■ PROBLEM: From the first line to the last, output the data exactly as it stands, minus its pictures.

■ INFORMATION SHOWN:

·····

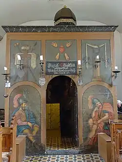 Aschau im Chiemgau: 1797/99 fertigten der Kistler Sebastian Furtner aus Hohenaschau und der Maler Sebastian Rechenauer d. Ä. aus Unterflintsbach ein neues Heiliges Grab für die Aschauer Pfarrkirche. Die Künstler ließen sich von römischen Vorbildern inspirieren und standen noch ganz in der Tradition barocker Kulissenheiliggräber, in denen religiöse Inhalte in theatralischer Weise zum Ausdruck gebracht wurden. Drei Etagen in dem fast 10 m hohen Aufbau sind zu unterscheiden: In der Mitte das Heilige Grab, flankiert von Säulenhallen, die den Blick in Landschaftsmalerei freigeben. Es ist die irdische Ebene, die Welt mit all ihrer Schönheit (dargestellt beispielsweise in der Landschaft und der Harmonie der Säulenarchitektur), aber auch ihrer Vergänglichkeit (Grab). Darüber ist der himmlische Bereich mit den drei göttlichen Tugenden und der Nische für die Monstranz (so früher) bzw. dem Kreuzreliquiar, sowie für die Figur des Auferstandenen an Ostern. Die unterste Ebene stellt die Unterwelt dar mit den Verstorbenen der vorchristlichen Zeit, angefangen bei Adam und Eva, die auf Erlösung warten. Flankiert wird dieser Bereich von Ruinenarchitektur. In der Fastenzeit 2025 wird das Heilige Grab wieder in der Pfarrkirche in Aschau im Chiemgau aufgestellt.[25] mk-online.de: Aufbau Heiliges Grab in Aschau im Chiemgau 2019 auf YouTube, 28. Februar 2019, abgerufen am 9. März 2025. mk-online.de: Aschauer Auferstehungsspiel - Heiliges Grab Aschau im Chiemgau 2019 auf YouTube, 27. März 2019, abgerufen am 9. März 2025.
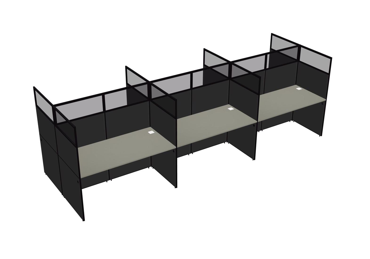 Grey Shadows Shared Rectangular Office Cubicle Panel System For 6 Persons
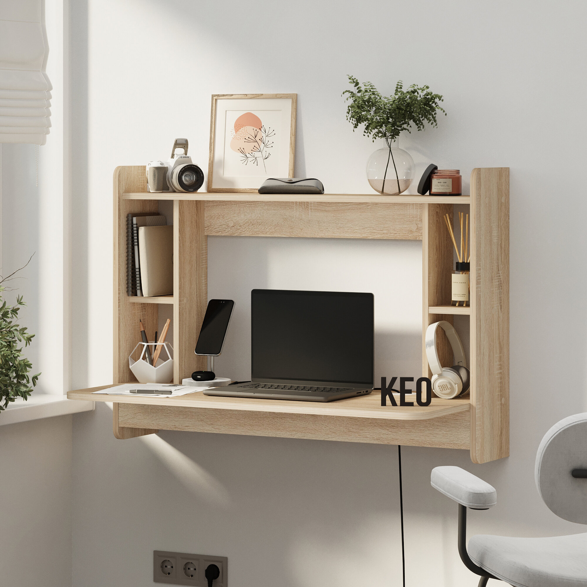 Купить Стол подвесной 44,6х103,2х71см с полками письменный компьютерный для ноутбука Кео СТМ-5 сонома бежевый
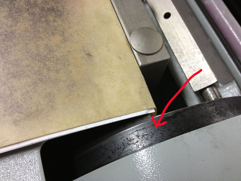 Get rid of it and cut yourself some new sheets of paper. Letterpress printing is like the Princess and the Pea. Even a tiny indentation will make a difference to your printing. Banged up packing (as above) will give you a faint ghost-of-projects-past (I know I am mixing my fiction metaphors here) on your own printed sheet. Make sure you cut fresh sheets to the size of the rest of the packing, the width of the cylinder. It is tempting just to use whatever paper is lying around of any size, but life is better when things are done right, especially in a shared shop.

·····

■ PROBLEM SOLUTION:
 Aschau im Chiemgau: 1797/99 fertigten der Kistler Sebastian Furtner aus Hohenaschau und der Maler Sebastian Rechenauer d. Ä. aus Unterflintsbach ein neues Heiliges Grab für die Aschauer Pfarrkirche. Die Künstler ließen sich von römischen Vorbildern inspirieren und standen noch ganz in der Tradition barocker Kulissenheiliggräber, in denen religiöse Inhalte in theatralischer Weise zum Ausdruck gebracht wurden. Drei Etagen in dem fast 10 m hohen Aufbau sind zu unterscheiden: In der Mitte das Heilige Grab, flankiert von Säulenhallen, die den Blick in Landschaftsmalerei freigeben. Es ist die irdische Ebene, die Welt mit all ihrer Schönheit (dargestellt beispielsweise in der Landschaft und der Harmonie der Säulenarchitektur), aber auch ihrer Vergänglichkeit (Grab). Darüber ist der himmlische Bereich mit den drei göttlichen Tugenden und der Nische für die Monstranz (so früher) bzw. dem Kreuzreliquiar, sowie für die Figur des Auferstandenen an Ostern. Die unterste Ebene stellt die Unterwelt dar mit den Verstorbenen der vorchristlichen Zeit, angefangen bei Adam und Eva, die auf Erlösung warten. Flankiert wird dieser Bereich von Ruinenarchitektur. In der Fastenzeit 2025 wird das Heilige Grab wieder in der Pfarrkirche in Aschau im Chiemgau aufgestellt.[25] mk-online.de: Aufbau Heiliges Grab in Aschau im Chiemgau 2019 auf YouTube, 28. Februar 2019, abgerufen am 9. März 2025. mk-online.de: Aschauer Auferstehungsspiel - Heiliges Grab Aschau im Chiemgau 2019 auf YouTube, 27. März 2019, abgerufen am 9. März 2025.
 Grey Shadows Shared Rectangular Office Cubicle Panel System For 6 Persons
 Купить Стол подвесной 44,6х103,2х71см с полками письменный компьютерный для ноутбука Кео СТМ-5 сонома бежевый
 Get rid of it and cut yourself some new sheets of paper. Letterpress printing is like the Princess and the Pea. Even a tiny indentation will make a difference to your printing. Banged up packing (as above) will give you a faint ghost-of-projects-past (I know I am mixing my fiction metaphors here) on your own printed sheet. Make sure you cut fresh sheets to the size of the rest of the packing, the width of the cylinder. It is tempting just to use whatever paper is lying around of any size, but life is better when things are done right, especially in a shared shop.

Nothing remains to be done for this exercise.